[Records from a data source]
────

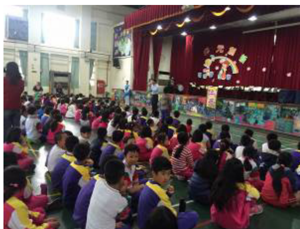
圖片說明:105/12/9 性別平等戲劇巡迴 宣導~保護自己尊重別人-淑女還是鐵 男
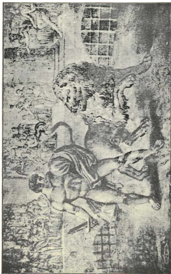
Gladiatori ja leijona
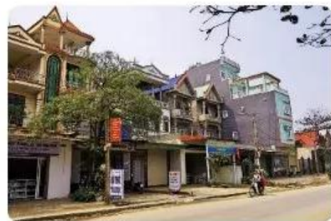
Hình 1.6. Nhà ở mặt phố

Ở đô thị, với đặc điểm mật độ dân cư cao, giải pháp trong kiến trúc nhà mặt phố chú trọng đến việc tiết kiệm đất, tận dụng không gian theo chiều cao nên thường được thiết kế nhiều tầng. Bên cạnh đó, tận dụng ưu thế mặt tiền nên nhà mặt phố được thiết kế để có thể vừa ở vừa kinh doanh (Hình 1.6).
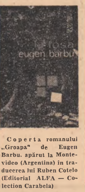
Coperta romanului „Groapa” de Eugen Barbu, apărut la Montevideo (Argentina) în traducerea lui Ruben Cotelo (Editorial ALFA — Colecția Carabela)

────

• [EXERCISE DETAILS] Reproduce the data above without a single change, please, but without its pictures.

• [TASK RESPONSE]
圖片說明:105/12/9 性別平等戲劇巡迴 宣導~保護自己尊重別人-淑女還是鐵 男
Gladiatori ja leijona
Hình 1.6. Nhà ở mặt phố

Ở đô thị, với đặc điểm mật độ dân cư cao, giải pháp trong kiến trúc nhà mặt phố chú trọng đến việc tiết kiệm đất, tận dụng không gian theo chiều cao nên thường được thiết kế nhiều tầng. Bên cạnh đó, tận dụng ưu thế mặt tiền nên nhà mặt phố được thiết kế để có thể vừa ở vừa kinh doanh (Hình 1.6).
Coperta romanului „Groapa” de Eugen Barbu, apărut la Montevideo (Argentina) în traducerea lui Ruben Cotelo (Editorial ALFA — Colecția Carabela)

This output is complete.